Not defeating it - just complimenting it. The exhaust brake may not be adequate to provide 100% of the braking you need in all situations, so use the service brake to  provide more when needed.

The exhaust brake logic in your coach engages 2nd gear when the brake activates. As the others have explained, the transmission will prevent over-revving of the engine, so it doesn't always go immediately to the target gear. If the grade is very steep, the exhaust brake may not be slowing the vehicle enough to allow further downshifting, so you can give it some help with the service brakes.

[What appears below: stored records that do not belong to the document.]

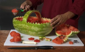 - Fill the basket with watermelon cubes.
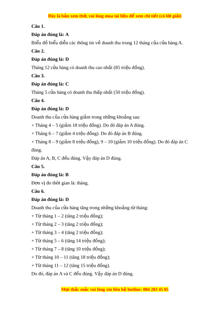 Đây là bản xem th , vu ử i lòng mua tài li u ệ đ xe ể m chi ti t ế (có l i ờ gi i ả ) Câu 4. Doanh thu c a ủ c a ử hàng gi m ả trong nh ng ữ kho ng ả th i ờ gian nào? A. 4 – 5; B. 6 – 7; C. 8 – 9 ; 9 – 10;
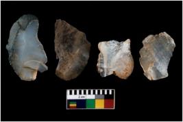| Description / विवरण | There are n 4 ; worked utilized flakes; there are multidirectional irregular scar pattern on both dorsal and ventral face of the flakes. Two are tapering at one end. All are having sharp edges. |
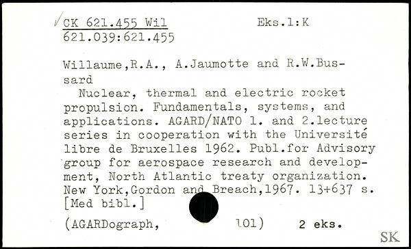 Nuclear, thermal and electric rocket propulsion. Fundamentals, systems, and applications. AGARD/NATO 1. and 2.lecture series in cooperation with the Université libre de
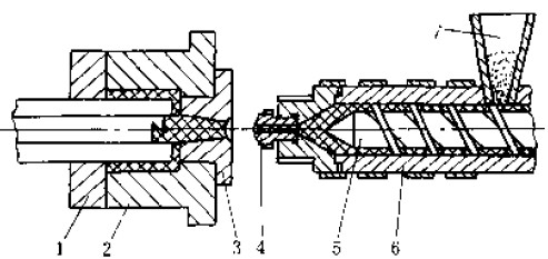 塑料注射模成形塑件过程如图所示(图中:1-动模脱料板,2-定模,3-浇口套,4-喷嘴,5-注射机螺杆,6-料筒,7-料斗,8-动模型芯,9-拉料杆)。
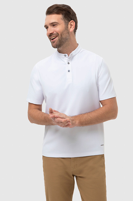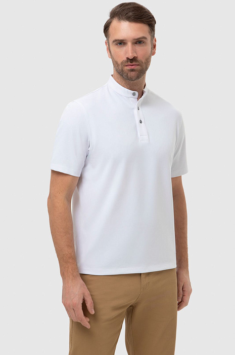 Поло из эластичной ткани, цвет белый, цена 5 990 руб., код 267369 - купить в Санкт-Петербурге в интернет-магазине KANZLER
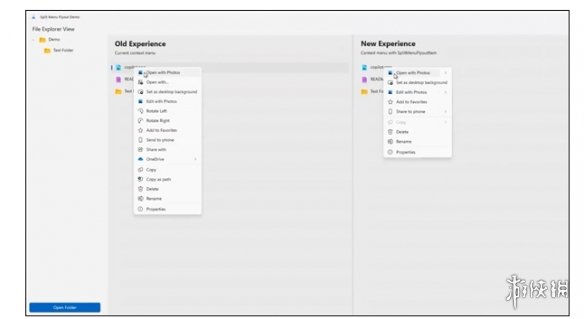 针对上述问题,微软给出的解决方案是引入“拆分式右键菜单”。其核心在于借助一种名为SplitMenuFlyoutItem的新型API,将一个菜单条目拆分成一个主要操作和多个次要选项,其中次要选项会显示在一个独立的小型侧面板中。
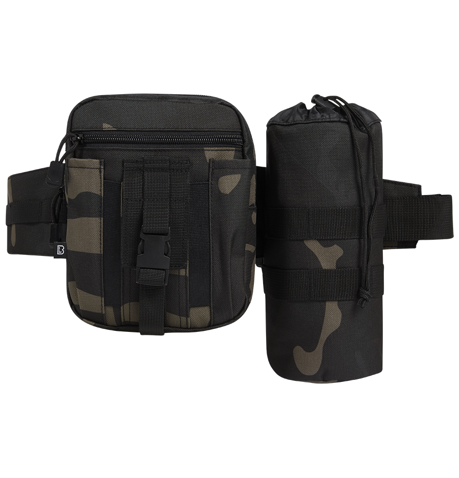 Brandit vyölaukku Allround, darkcamo. Näppäränkokoinen vyölaukku, joka pienestä koostaan huolimatta kätkee sisäänsä paljon säilytystilaa. Kiinteän vyölaukkuosan lisäksi laukkuun sisältyy irrotettava, kiristysnyörillä suljettava pullotasku, johon mahtuu 0,5-1 litran kokoinen juomapullo. Kiinteä laukkuosa on vetoketjullinen, ja lisäksi laukun etuosassa on pienempi vetoketjutasku pikkutavaroille. Pikkutaskun edessä on lisäksi soljella suljettava, läpällinen pystytasku, jonka sivuosat ovat joustavat ja mahdollistavat säilytyksen esim. pienikokoiselle kännykälle tai monitoimiveitselle. Edessä on myös kaksi lokeroa kynille, kynälampulle tai työkaluille. Kiinteän laukkuosan mitat 15 cm x 19 cm x 7 cm. Vyöosan leveys 4 cm ja maksimipituus 1,20 m.

Once you get the speed down enough to allow a downshift, the exhaust brake provides additional "drag" and is probably adequate to hold it there, but sometimes on a steep downgrade you might need an occasional further assist from the service brake.  That's still a lot less service brake use than without any exhaust brake at all.

Exhaust brakes vary in the amount of drag they can provide. If you want to use less service braking, consider upgrading the exhaust brake system to a more capable model.
 
B

bucks2

Guest
The exhaust brake is designed to HELP stop or slow the rig. Anyone who totally relies on it to keep them at a safe speed down every hill is going to be disappointed. The exhaust brake works well if the driver uses the big rig and state approved method of starting down the hill in the same gear as would be required to go up it. (note that this is sometimes a guess as you don't always go up the same side of a hill as you are going down and the grades in each direction may be very different) Look at many summits and you'll find suggested speeds for various weight rigs to descend the hill at. Some suggest as low as 30 mph in order to keep control of heavy rigs.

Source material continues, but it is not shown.